Prawicowcy pozornie bez znaczenia
Według najnowszego raportu moskiewskiego Centrum Badań nad Rasizmem (SOWA) ugrupowania skrajnie prawicowe w Rosji nie są dziś bardzo powszechne. Dzieje się tak również dlatego, że Kreml nie toleruje sprzeciwu: uliczne protesty były faktycznie przez długi czas zakazane, rzekomo z powodu koronawirusa, jednak oficjalne zezwolenia na rosyjskie marsze nacjonalistyczne nie są wydawane już od roku 2019. Strona internetowa nacjonalistów „Sputnik i Pogrom” została zablokowana, a jeden z liderów rosyjskich nacjonalistów Dmitrij Diomuszkin trafił do więzienia na ponad dwa lata.
– Chociaż Kreml zdławił prawie wszystkie organizacje nacjonalistyczne, propagowane przez nie idee doskonale odzwierciedlają nastroje Rosjan – mówi Lew Gudkow, szef rosyjskiego „Centrum Lewady”. Ten instytut badania opinii publicznej jest od roku 2016 klasyfikowany przez władze rosyjskie jako tzw. agent zagraniczny.
Według eksperta Rosjanie są w większości wrogo nastawieni wobec osób o innej narodowości. Jako przykład może służyć prawicowa społeczność internetowa „Männerstaat”, która uosabia patriarchalny, nacjonalistyczny światopogląd. Wzbudziła duże zainteresowanie latem 2021 roku, gdy wywołała sprzeciw wobec reklamy azjatyckiej sieci restauracji Tanuki z modelami pochodzenia afrykańskiego i tęczowymi flagami. Same restauracje stały się celem ataków – składano fałszywe zamówienia i wystawiano negatywne recenzje. Były nawet telefony z pogróżkami o podłożeniu bomby.
– To rodzaj nieagresywnego „codziennego rasizmu” – wyjaśnia Lew Gudkow. – To nie są nacjonaliści, którzy propagują wyższość białej rasy. Reprezentują oni ideę systemu narodowo-demokratycznego.
Podzieleni przez wojnę
Panują jednak rozbieżne opinie wobec tego, jak powinno to wyglądać. – Ten podział uniemożliwia nacjonalistom występowanie jako zjednoczony front – tłumaczy Wiera Alperowicz, ekspertka Centrum SOWA i współautorka raportu „Ksenofobia, wolność sumienia i antyekstremizm w Rosji w 2021 roku”.
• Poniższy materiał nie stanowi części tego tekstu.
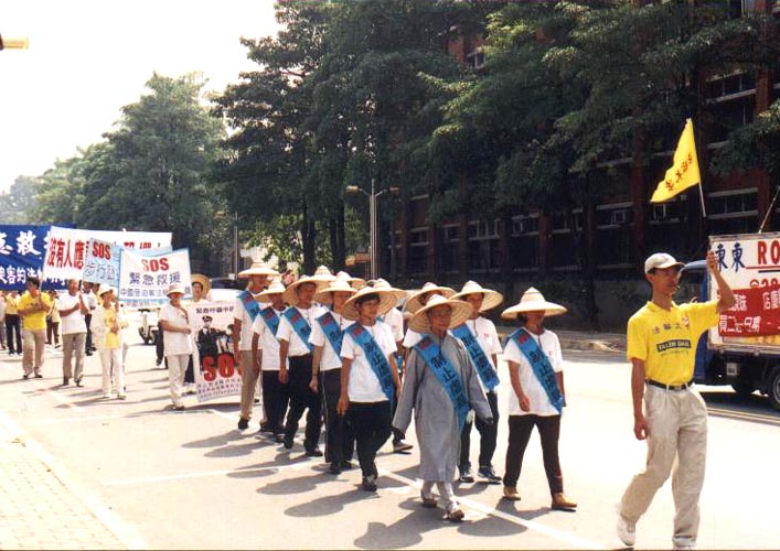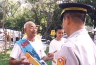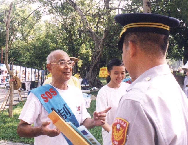 八十一岁的老先生何超,中气有力,不输年轻人;只差他一岁来自宜兰的郑文煌与他的贤内助何来琴女士,夫妻共修其乐融融;而年逾七十的国夫,欣喜地穿上一双新鞋踏上全台步行之际才发现鞋会打磨脚,虽然脚底磨出水泡,他仍然无怨无悔无退心的一步步走完全程,当抵达高雄时,脚也好了,鞋也顺当了。还有数位老阿嬷、老先生,他们一致说:“如果大家都来学法轮功,整个世界就和平了,学法轮功的保证是好人,是人间真正的净土。”

Jednym z najbardziej znanych prokremlowskich stowarzyszeń nacjonalistycznych jest „grupa sabotażowo-rozpoznawcza 'Rusicz’”, jak sama siebie nazywa. Według Wiery Alperowicz są to neonaziści, którzy używają odpowiednich symboli, w tym swastyki i adekwatnego kodu numerycznego „14/88", który oznacza hołd dla „białej rasy” i Adolfa Hitlera.
W ramach jednostki bojowej „Rusicz” walczy obecnie w Ukrainie kilku członków grupy muzycznej „Russian Banner”. Lider zespołu Jewgienij Dołganow stwierdził w wywiadach, że jego grupa chce propagować idee narodowo-patriotyczne wśród młodzieży. W związku z oskarżeniami o neonazizm i faszyzm zacytował dla DW fragment swojego „tekstu programowego”: „Nie jesteśmy faszystami. Jesteśmy o wiele gorsi. Gorsi dla naszych wrogów! Jesteśmy normalnymi mężczyznami i kobietami, którzy chcą żyć w swoim kraju i wychowywać dzieci (chłopców i dziewczynki) zgodnie ze swoimi tradycjami”.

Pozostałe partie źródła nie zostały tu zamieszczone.